We here show that also our model produces distributions for p(k|α, 〈k〉) which are statistically compatible with a negative binomial, consistently with what inferred for real substitutions from phylogenetic trees40. These simulations are performed with the same values of J = 0.02 and r0 = 0.0004 discussed in the previous section.

In Fig. 2 we show the normalized histogram of the number of substitutions per site k as simulated by our model at four different sequence identities. On top of each histogram we plot its weighted fit with a negative binomial (see Materials and Methods for the procedure). The negative binomial distribution well reproduces the statistics of the substitutions obtained by our model in all four cases.

Figure 2
figure 2

Weighted fit of the normalized histogram of the number of substitutions k per site to a negative binomial distribution at various sequence identities. It returns the best-fit value for α displayed in the key. The rms of residuals of these fits are respectively, from top-left to bottom-right: 1.9, 2.1, 0.33 and 1.3.

It is important to notice that in the proposed model each site has a rate that changes in time. This is very different to what happens in other models, for example those in which substitution rates are Γ-distributed but constant in time14,15,40. The shape parameter α is obtained by fitting to Eq. 2 the histogram of the number of substitutions per site in a given time interval. Therefore α characterizes the distribution of time-averaged substitution rates rather than instantaneous rates. As we reduce the sequence identity, the time interval over which we mediate grows, making the distribution of time-averaged rates diverge progressively from the distribution of instantaneous rates, becoming broader and broader. The solid line in panel a) of Fig. 3 quantifies this phenomenon by showing the value of α obtained by fitting to Eq. 2 the number of substitutions per site obtained by our model at different sequence identities. Similar results are found in real data, as also shown among others by19,41. In particular, to allow a visual qualitative comparison, the panel (b) in Fig. 3 shows the progressive growth in the estimate of α for decreasing average sequence identity when estimated from the multiple sequence alignments of five Pfam large families (see Materials and Methods for details). The values of α in panel (b) at growing sequence identity are estimated on smaller and smaller phylogenetic trees; thus these estimates become progressively less reliable, explaining the noisy cloud of points at sequence identity larger than 0.7. The increase of α predicted by our model is larger than the one observed in the examples of phylogenetic trees shown in figure. This indicates that the model introduced in this work reproduces this phenomenon only qualitatively. As we are going to see in the next section, introducing in the model a variability in the spontaneous substitution rate improves the qualitative agreement.

Figure 3
figure 3

Panel (a): estimated α by the model described by Eq. 1 and by the two-class model as a function of the sequence identity.
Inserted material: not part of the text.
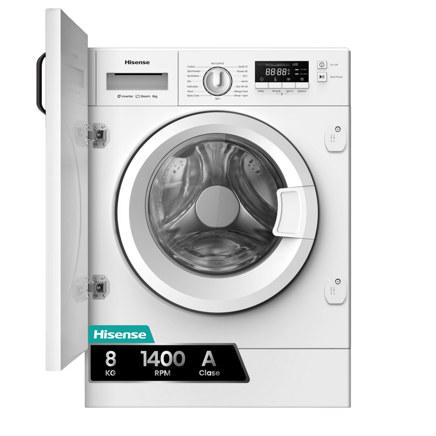 Lavadora integrable - Hisense WF3M841BWIES, 8 kg, 1400 rpm, 15 programas, Secado Allergy Care, Clase A, Sin Panelar

The value of α is estimated by fitting the number of substitutions per site to a negative binomial (Eq. 2). Panel (b): Estimate of α for five Pfam families obtained by FastTree-249 on subtrees characterized by different average sequence identities (procedure described in Materials and Methods).

Two-class model

The significant variation of α observed in our model, much bigger than what is found in real protein families, reasonably depends, among other effects, on our simplifying approximation of equal dynamics on all sites (neutral theory approximation). This assumption is known to be too simplistic: indeed in real proteins, flexible regions are typically more prone to fix mutations than structured regions. Moreover, part of the sequence codes for structural regions which are essential for the function of the proteins where the neutral theory cannot be considered a valid description28. In complex organisms, such as the ones considered in this study, the fraction of residues belonging to structural regions can be large. To verify the hypothesis that larger variations of α are due to the approximation of equal dynamics, we process the PDB structures used to build the contact matrices with the software STRIDE42, and classify each residue in one of two categories: structured or unstructured. Then, we make them evolve according to slightly different patterns. Both classes still obey Eq. 1, but with different parameters. For simplicity, we associate the same J2class (different from before) to both classes, but we give them a different capability to fix new mutations (different r0). In particular, this capability will be very small for structured residues and we approximate it to zero. Therefore, structured residues will be characterised by \({r}_{0}^{S}=0\) and \({J}^{S}={J}^{2class}\), and unstructured residues by \({r}_{0}^{UNS}\) and \({J}^{UNS}={J}^{2class}\). We call this modified version of our model the two-class model. We optimise the two free parameters J2class and \({r}_{0}^{UNS}\) by comparing the conditional probabilities \({P}_{s}^{two-class}(d)\) on the four sequence identity ranges as done in the previous sessions (Fig. S4 in SI), and we obtain the optimal values \({J}^{2class}=0.021\) and \({r}_{0}^{UNS}=0.01\).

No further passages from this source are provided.